[Input data]:

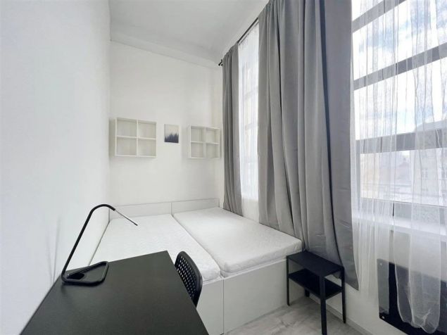 Jedná se o pronájem nově zrekonstruované jednotky o dispozici 2+1, která je nabízena plně vybavená. V jednotce se nachází prostorná kuchyně, která je vybavena lednicí, mikrovlnnou troubou, varnou konvicí a sporákem s troubou. V jednotce se dále nachází dvě oddělené ložnice. Každá ložnice je vybavena dvěma postelemi s nočními stolky, dvěma pracovními stoly s úložným prostorem a židlemi a prostornou skříní. Koupelna nabízí sprchový kout, záchod a umyvadlo se zrcadlem. K dispozici je příprava pro připojení vlastní pračky.
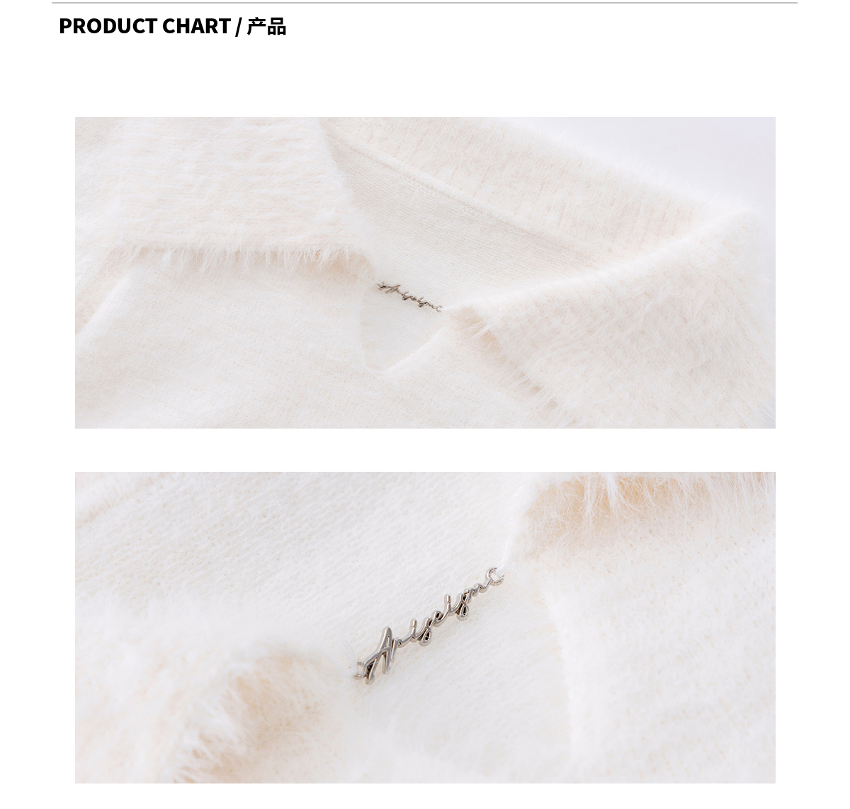 Ariseism 美式复古设计感翻领露肩软糯长袖针织衫女春季新款毛衣
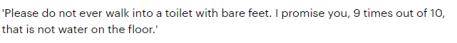 ``Please don't enter the bathroom with bare feet. I promise that 9 times in 10 times is not water. ''

[Task objective]:
Would you set down each line of the data exactly, with no images included?

[Answer to the exercise]:
 Jedná se o pronájem nově zrekonstruované jednotky o dispozici 2+1, která je nabízena plně vybavená. V jednotce se nachází prostorná kuchyně, která je vybavena lednicí, mikrovlnnou troubou, varnou konvicí a sporákem s troubou. V jednotce se dále nachází dvě oddělené ložnice. Každá ložnice je vybavena dvěma postelemi s nočními stolky, dvěma pracovními stoly s úložným prostorem a židlemi a prostornou skříní. Koupelna nabízí sprchový kout, záchod a umyvadlo se zrcadlem. K dispozici je příprava pro připojení vlastní pračky.
 Ariseism 美式复古设计感翻领露肩软糯长袖针织衫女春季新款毛衣
 ``Please don't enter the bathroom with bare feet. I promise that 9 times in 10 times is not water. ''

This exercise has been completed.